▶ _Aim of the task_
Using the entries below, write out the line with "Металлическая бусина SuperDuo", the line with "VIN: JN8AS5MV6CW372983", and every line in between, exactly as each is written.

▶ _Data extracts_
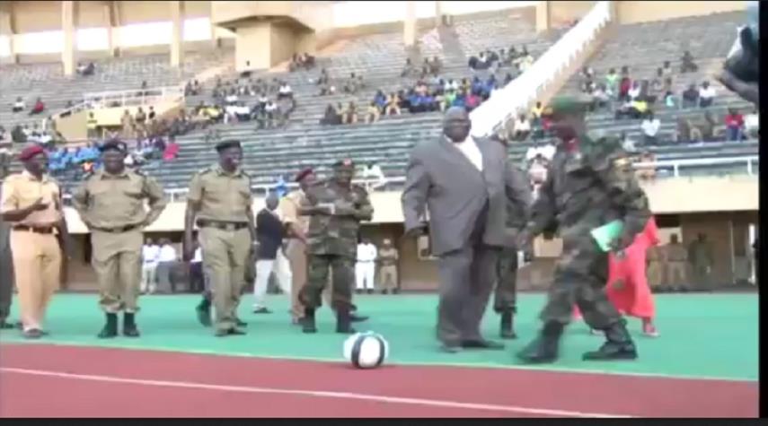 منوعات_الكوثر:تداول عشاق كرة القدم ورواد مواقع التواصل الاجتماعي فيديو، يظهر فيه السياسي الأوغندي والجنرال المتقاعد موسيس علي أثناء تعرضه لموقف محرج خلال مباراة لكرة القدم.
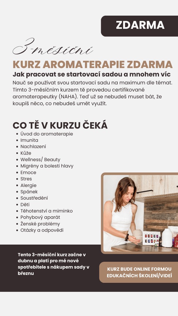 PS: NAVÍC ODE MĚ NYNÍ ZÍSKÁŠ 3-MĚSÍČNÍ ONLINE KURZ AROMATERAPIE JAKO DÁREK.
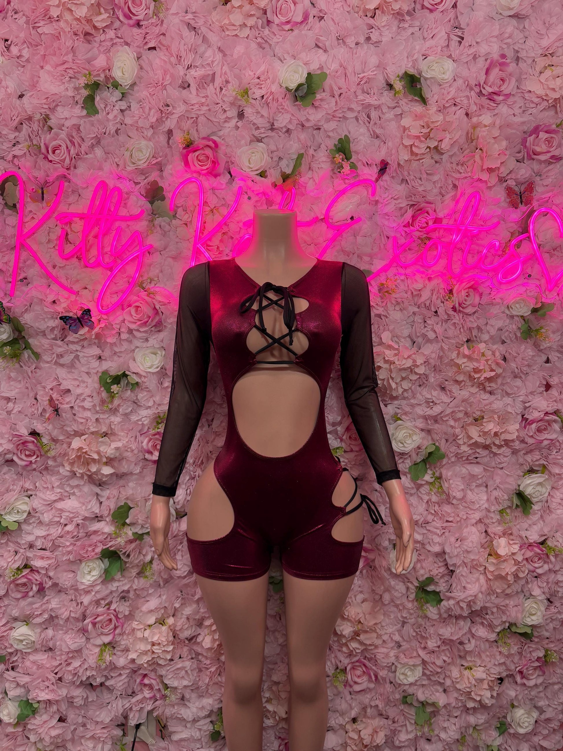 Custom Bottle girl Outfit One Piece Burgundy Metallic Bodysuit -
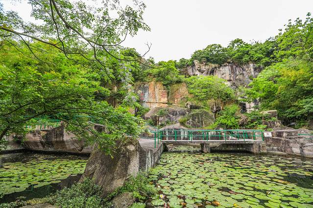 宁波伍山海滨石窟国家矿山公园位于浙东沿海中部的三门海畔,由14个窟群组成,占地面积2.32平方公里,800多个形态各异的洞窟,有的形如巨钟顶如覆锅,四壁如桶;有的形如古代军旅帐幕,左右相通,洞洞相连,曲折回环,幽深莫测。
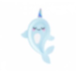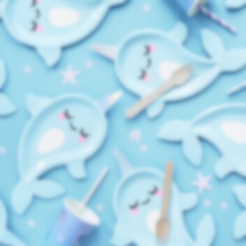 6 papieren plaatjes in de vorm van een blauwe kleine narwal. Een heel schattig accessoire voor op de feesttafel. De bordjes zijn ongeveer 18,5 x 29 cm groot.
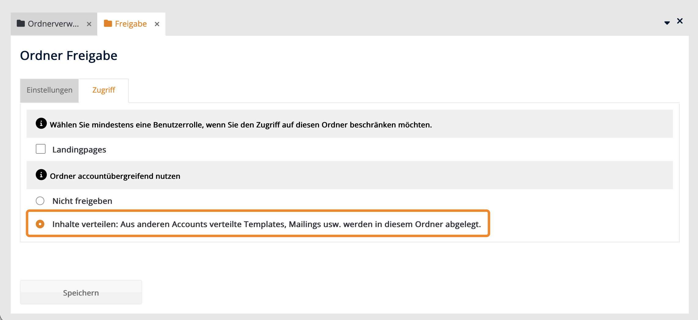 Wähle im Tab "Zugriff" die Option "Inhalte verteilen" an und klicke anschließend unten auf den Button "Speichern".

* * *

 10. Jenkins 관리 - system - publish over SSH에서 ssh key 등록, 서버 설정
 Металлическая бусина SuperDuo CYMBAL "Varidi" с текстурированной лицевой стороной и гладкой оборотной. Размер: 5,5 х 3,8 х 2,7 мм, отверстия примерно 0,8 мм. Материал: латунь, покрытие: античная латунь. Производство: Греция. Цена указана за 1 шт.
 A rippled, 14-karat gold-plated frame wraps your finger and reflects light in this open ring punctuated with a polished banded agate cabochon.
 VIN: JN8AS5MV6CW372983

---

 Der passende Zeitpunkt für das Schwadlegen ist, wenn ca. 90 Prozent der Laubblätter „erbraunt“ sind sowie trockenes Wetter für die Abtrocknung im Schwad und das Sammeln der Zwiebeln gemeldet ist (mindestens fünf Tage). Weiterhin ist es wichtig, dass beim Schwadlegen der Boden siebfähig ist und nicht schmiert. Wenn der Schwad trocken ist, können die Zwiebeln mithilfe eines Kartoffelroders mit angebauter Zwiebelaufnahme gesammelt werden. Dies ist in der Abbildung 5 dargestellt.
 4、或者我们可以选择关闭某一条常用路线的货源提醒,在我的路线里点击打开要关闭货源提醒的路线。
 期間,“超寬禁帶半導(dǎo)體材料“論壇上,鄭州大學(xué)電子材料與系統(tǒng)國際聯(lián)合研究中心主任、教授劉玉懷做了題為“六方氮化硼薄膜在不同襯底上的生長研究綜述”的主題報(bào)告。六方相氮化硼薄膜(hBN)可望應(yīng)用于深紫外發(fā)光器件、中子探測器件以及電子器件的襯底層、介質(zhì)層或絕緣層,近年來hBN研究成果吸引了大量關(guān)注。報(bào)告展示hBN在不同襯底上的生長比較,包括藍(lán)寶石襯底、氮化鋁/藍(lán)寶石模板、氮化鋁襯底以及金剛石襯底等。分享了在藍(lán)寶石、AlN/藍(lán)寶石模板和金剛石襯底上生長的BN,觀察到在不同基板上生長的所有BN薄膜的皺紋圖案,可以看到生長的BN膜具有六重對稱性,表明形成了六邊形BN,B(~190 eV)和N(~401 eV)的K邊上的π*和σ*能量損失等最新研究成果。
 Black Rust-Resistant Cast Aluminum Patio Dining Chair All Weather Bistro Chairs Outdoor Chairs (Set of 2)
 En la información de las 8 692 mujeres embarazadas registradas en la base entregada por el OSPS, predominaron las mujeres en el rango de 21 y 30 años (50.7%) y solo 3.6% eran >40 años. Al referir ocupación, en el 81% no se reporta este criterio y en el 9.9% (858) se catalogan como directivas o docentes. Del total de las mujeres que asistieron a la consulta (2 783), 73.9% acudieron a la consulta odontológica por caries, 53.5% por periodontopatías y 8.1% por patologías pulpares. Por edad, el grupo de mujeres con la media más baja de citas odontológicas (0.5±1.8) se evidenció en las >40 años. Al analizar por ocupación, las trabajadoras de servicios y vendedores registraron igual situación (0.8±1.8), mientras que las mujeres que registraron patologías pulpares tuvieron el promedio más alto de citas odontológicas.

▶ _Your solution_
 Металлическая бусина SuperDuo CYMBAL "Varidi" с текстурированной лицевой стороной и гладкой оборотной. Размер: 5,5 х 3,8 х 2,7 мм, отверстия примерно 0,8 мм. Материал: латунь, покрытие: античная латунь. Производство: Греция. Цена указана за 1 шт.
 A rippled, 14-karat gold-plated frame wraps your finger and reflects light in this open ring punctuated with a polished banded agate cabochon.
 VIN: JN8AS5MV6CW372983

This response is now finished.